Glenn: Have you had to do any cutbacks because you have not been able to get that $650,000 you requested from the city?

White: We have cut a lot of the programming centered around our exhibits. We’ve had to cut a lot of our children’s programming. Our plan was if we did get that $650,000, we were going to offer free admission for the fiscal year so that everyone could come see their history and not have to worry about admission fees.

We’ve even cut back on a lot of the preservation work and campus maintenance. This building has not been upgraded since 1999. And in addition to just upgrading and maintaining the physical museum space, we now have five historic buildings that we are responsible for, including the oldest home in Mecklenburg County — and the Kitchen Spring House and barn that come with it — and now the Siloam School. So we need to stabilize the property on our eight acres that we already have.

Glenn: Now, in the past, the Arts and Science Council was over the distribution of the funds. Then for three years they’ve had an advisory committee that will be dissolved on June 30, I’m told by the city. And they have said to me that the list is the same as it was under the Arts and Science Council. But they weren’t able to tell me why that list hasn’t changed. It’s just the same.

White: It is. And at one of the recent City Council meetings, the city manager pointed out that this list has not [been] updated since 2008.

Glenn: And in talking with someone with the advisory board, I was told that the last time you received funding from ASC was in 2012, before the museum temporarily suspended its operations. Do you think that temporary closure has something to do with it?
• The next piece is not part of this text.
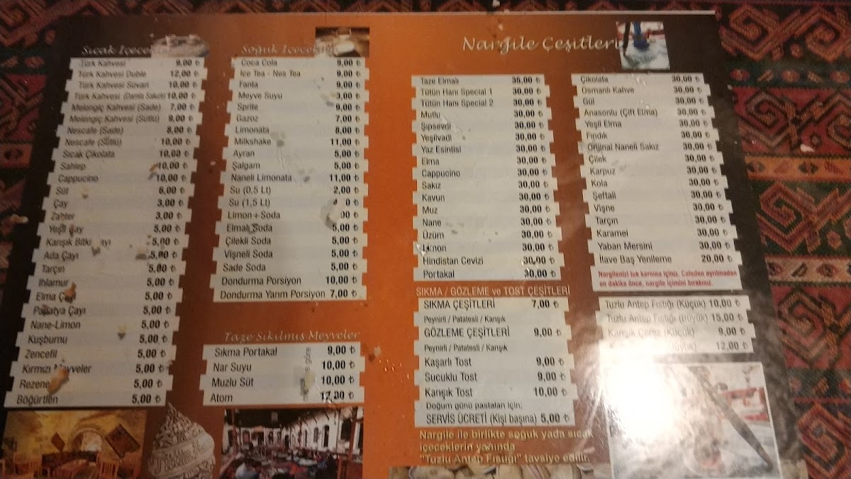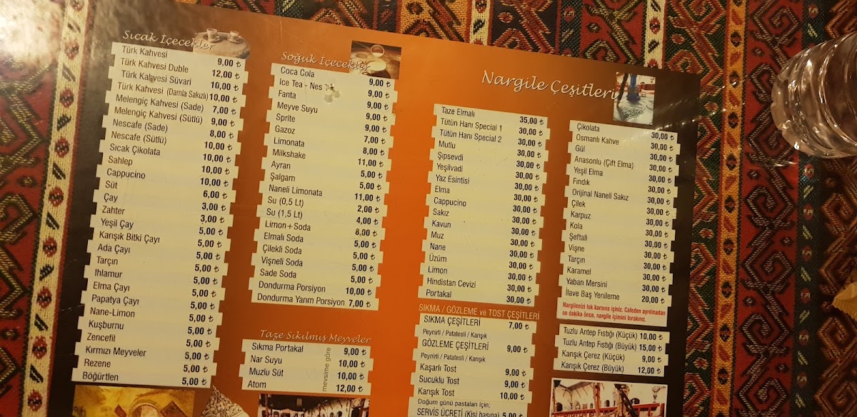 Visitors often enjoy their beverages alongside the gentle ambiance—whether settling in for a warm cup of Turkish coffee or refreshingly sipping on minty lemonade. The menu features classic staples like Türk Kahvesi and Çay, as well as distinctive choices such as sütlü menengiç kahvesi (milk-infused wild pistachio coffee) and aromatic herbal blends like zahter and naneli limonata. A key highlight is the wide variety of nargile (hookah) flavors, perfect for leisurely evenings in the warmly lit, cave-like seating areas.

White: The 2012 closure, I do think that’s still floating around in the back of a lot of people’s minds. The closure was about restructuring to move away from an unsustainable model. So, it was less than a year that the museum was closed.

Glenn: And they also said that the museum did not apply for operating support from ASC in 2020.

White: I can’t speak to 2020, but what I will say is not one person from the city or anyone else has come and said this is the application you need to fill out in order to get funding. I didn’t even know there was an application until Rep. Molina brought it up in March. It’s not like it was publicly available. It’s an invite-only application.

Glenn: And no one on your staff who’s been there for a long time knew about this either?

White: No, ma’am. My development director has been here seven years. She didn’t know. And my board chair was actually on one of the panels that was helping to create the city’s arts plan — and he’s a former executive of the symphony. He didn’t even know that there was an application process. We have received programmatic grants, but all the programs and exhibits being fully funded are for, not if the roof caves in or if people can’t get paid.

Glenn: I was looking at this list that they, the city, sent to me and just a few of the grants that you’ve received include a Cultural Vision Grant of $6,000 in 2023 and also in 2024, a $20,000 Cultural Vision Grant and a culture block grant program $5,700. But as you say, those are for specific uses but not operational.

White: Absolutely. We’re very thankful for those grants, but our operating budget this year — and that’s bare bones — was $1.4 million. This is why this operational support is so important. I’m already canceling programs and events for the summer and early fall because there’s no one stepping up so we can do them.